Леди Лора отмахнулась от этого вопроса легким пожатием плеч, одновременно отпуская горничную.
— Настолько хорошо, насколько можно ожидать с учетом моего возраста, — безмятежно ответила она. — Обо мне не беспокойтесь. Как дела у ВАС с вашим последним курсом?
— Не так уж и плохо.
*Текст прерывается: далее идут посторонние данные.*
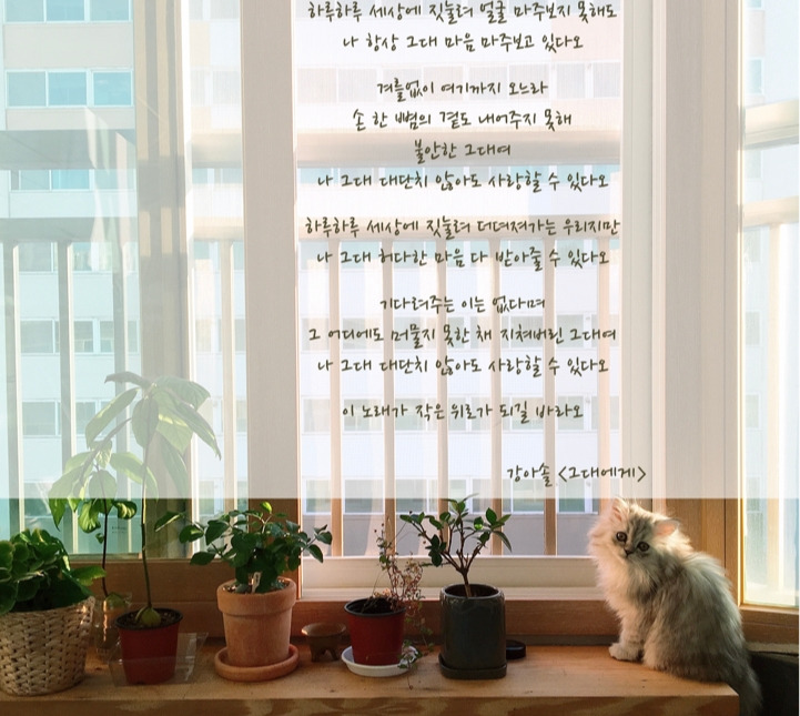 이런 나에게 이 노래는 참 많은 위로가 되었다. 대단하지 않아도 사랑할 수 있고 허다한 마음도 다 받아줄 수 있다고 담담하게 말하는 목소리가 참 좋았다. 나에게 위로가 되었던 이 노래가 또 다른 누군가에게도 가 닿기를 바라며..

Впрочем, жизнь была бы много проще, если бы я мог убедить людей не гоняться за модными теориями, а больше руководствоваться здравым смыслом, — печально улыбнулся Адам. — Случаются дни, когда я ощущаю себя этакой овчаркой.
— Но вам ведь самому это нравится! — усмехнулась леди Лора, понимающе подмигнув ему.
— Да, пожалуй, иначе я не занимался бы этим. — Адам отступил на шаг, с восхищением глядя на хозяйку. — Но вы… Лора, вы потрясающе выглядите во всех этих регалиях! Вам просто необходимо почаще позировать для портретов.
— Только не это! — Вдовствующая графиня Кинтул закатила глаза в наигранном отчаянии. — Это всего лишь второй сеанс позирования, и признаюсь, новизна ощущений уже почти выветрилась. Я надеюсь только, что Перегрин не будет настаивать на слишком больших исправлениях.
— Перегрин? — Адам заинтригованно склонил голову набок. — Но это же не может быть Перегрин Ловэт, правда?
— Ну почему же? — Леди Лора казалась вполне довольной произведенным эффектом. — Насколько я понимаю, вы уже знакомы с его работами?
— Конечно, знаком, — утвердительно кивнул Адам. — Некоторые его портреты висели в Королевской шотландской академии, когда я был там в последний раз. Они произвели на меня большое впечатление. Его стиль отличается, как бы это сказать, внутренним светом, особым художественным видением. Кажется, будто он пишет нечто большее, чем можно разглядеть простым взглядом. Мне было бы крайне интересно лично познакомиться с ним.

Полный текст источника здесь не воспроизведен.